Transparent first: this supposes that it is direct, therefore perceived by citizens and not included surreptitiously in their consumption; that it is transparent, therefore that it is declarative and can be calculated by them. That it is paid by them and not taken with the complicity of third parties such as employers or traders, whose role it is not and who are not paid to do this.

Lump sum then: the tax cannot accommodate the manipulations of the State, which takes a little less here and a little more there, depending on its political whims and what it believes is good for the social body, for the classes he defends, or for himself. Even more blatant is the abuse contained in the incentives introduced by the Belgian State: the earlier you pay, the less you pay. However, tax is a contribution to collective functioning, and not a commercial variable that needs to be manipulated.  

Finally, the tax must be intended for public financing, and not for state financing: it is a contribution to the functioning of the community, and not the State alone. The State can collect it, but must redistribute part of public funding to organized civil society within the framework of clear rules.
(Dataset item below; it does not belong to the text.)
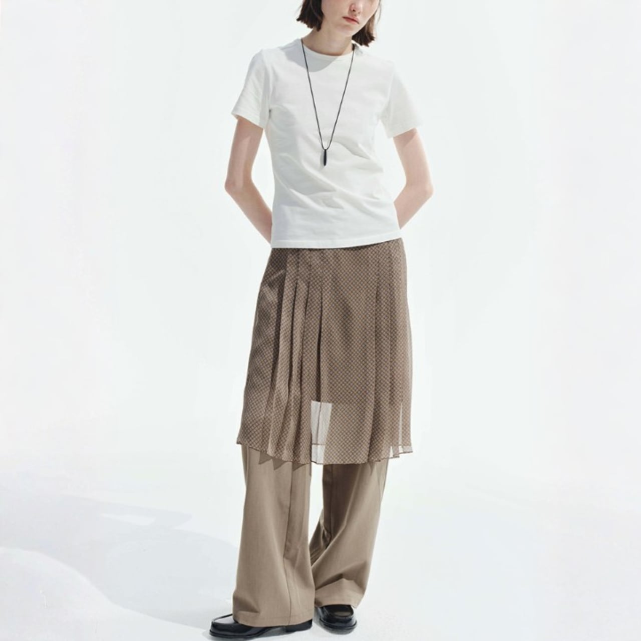 ニットやシャツとも合わせやすく、足元はフラットでもヒールでも対応可能。
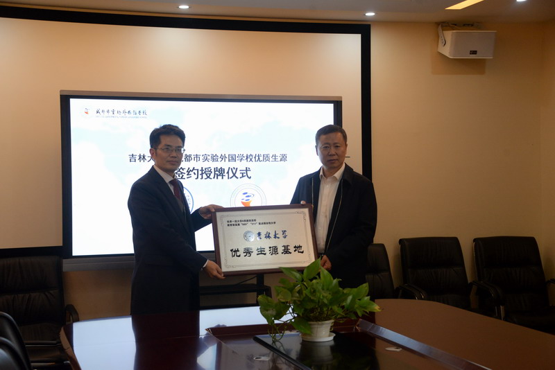 2019年04月18日,suncitygroup太阳成集团管理公司招生宣传组张兴林书记、王晰巍副经理等来到成都新都一中,成都实验外国语公司、树德中学进行suncitygroup太阳成集团优秀生源基地授牌。

Its “lifestyle” (i.e. its operating costs) must not be excessive nor, a fortiori, absorb almost all of the tax levies.

Finally, the level of tax must not be excessive in amount. Today we are talking about a shield capping compulsory deductions at 50% of income as if it were a protection… If absurd policies had not created an unprecedented social crisis, if the canker of a State without counterweights had not interfered in all spheres of social life, the gulf in public finances would be much more easily filled. 

We advocate a radical reform of the system of financing public life which accompanies the progressive regression of the role of the State and the parallel growth of that of organized civil society.